### Task to carry out
Your job is to print, exactly, the lines in the data below from the line with "драгоценного графита из" through the line with "موسوعة الدفاع عن", both included, and to omit any picture.

### Entries shown
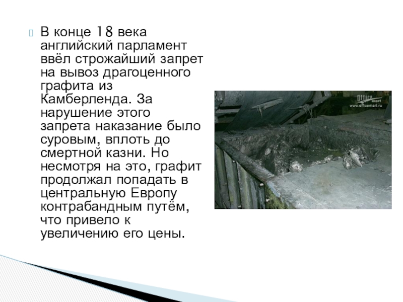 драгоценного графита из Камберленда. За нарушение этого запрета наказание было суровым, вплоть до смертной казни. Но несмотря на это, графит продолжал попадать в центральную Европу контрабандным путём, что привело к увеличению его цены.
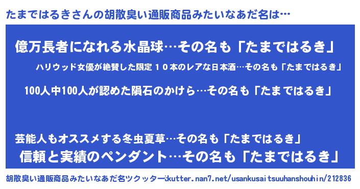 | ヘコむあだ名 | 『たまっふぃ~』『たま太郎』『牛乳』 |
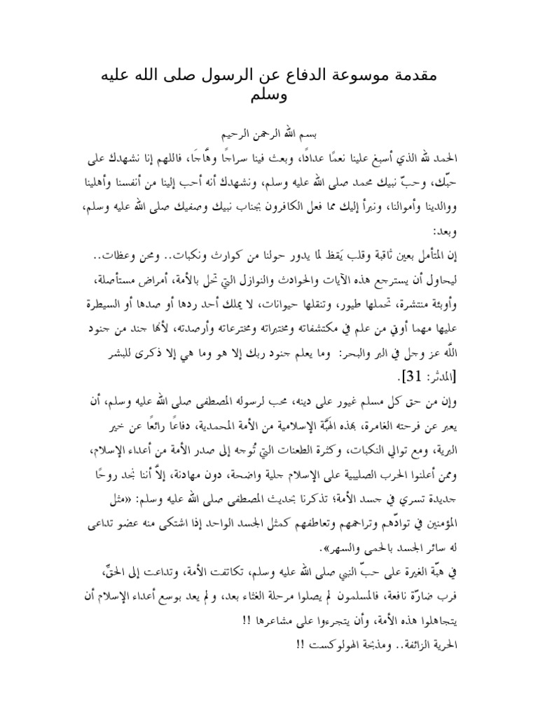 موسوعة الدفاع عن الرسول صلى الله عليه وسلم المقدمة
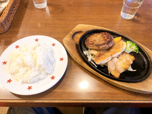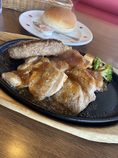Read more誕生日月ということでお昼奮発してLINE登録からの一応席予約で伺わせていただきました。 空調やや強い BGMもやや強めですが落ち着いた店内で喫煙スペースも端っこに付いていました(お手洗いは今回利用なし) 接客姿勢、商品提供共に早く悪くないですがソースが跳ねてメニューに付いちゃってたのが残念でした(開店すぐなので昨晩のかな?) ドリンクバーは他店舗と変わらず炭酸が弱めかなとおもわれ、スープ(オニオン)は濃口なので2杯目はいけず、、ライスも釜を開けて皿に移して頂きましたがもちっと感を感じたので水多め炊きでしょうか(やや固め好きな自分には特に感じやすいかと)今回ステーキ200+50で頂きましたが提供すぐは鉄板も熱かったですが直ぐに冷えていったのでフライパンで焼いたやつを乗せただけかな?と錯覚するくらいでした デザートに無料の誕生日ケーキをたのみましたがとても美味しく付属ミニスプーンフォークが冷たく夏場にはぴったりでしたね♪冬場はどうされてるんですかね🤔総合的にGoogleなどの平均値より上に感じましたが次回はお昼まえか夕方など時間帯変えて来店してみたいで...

==

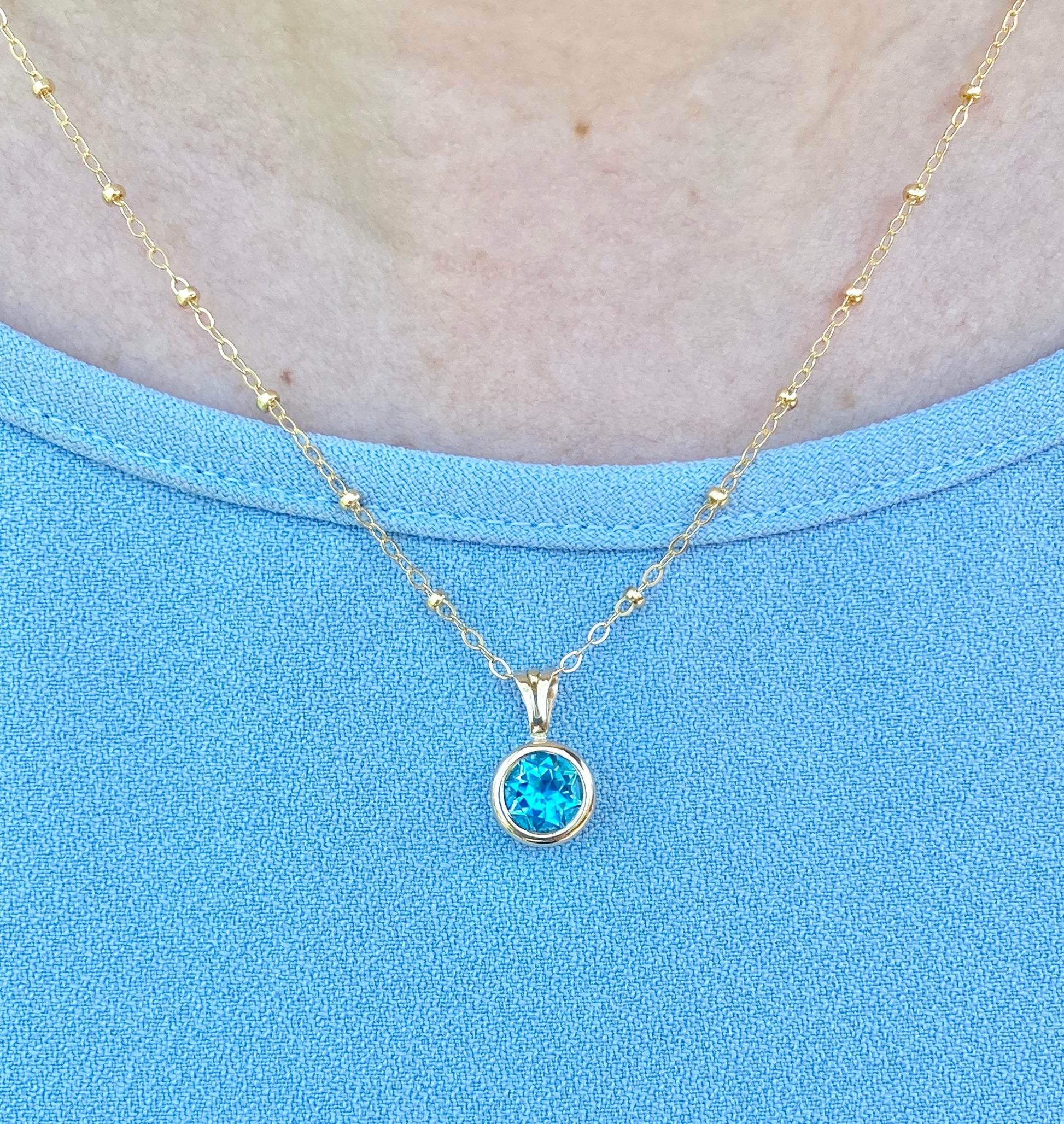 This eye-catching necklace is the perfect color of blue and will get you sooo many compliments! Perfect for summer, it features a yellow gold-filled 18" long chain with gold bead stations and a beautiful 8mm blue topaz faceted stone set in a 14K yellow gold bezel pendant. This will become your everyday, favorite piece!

### Result for this task
 драгоценного графита из Камберленда. За нарушение этого запрета наказание было суровым, вплоть до смертной казни. Но несмотря на это, графит продолжал попадать в центральную Европу контрабандным путём, что привело к увеличению его цены.
 | ヘコむあだ名 | 『たまっふぃ~』『たま太郎』『牛乳』 |
 موسوعة الدفاع عن الرسول صلى الله عليه وسلم المقدمة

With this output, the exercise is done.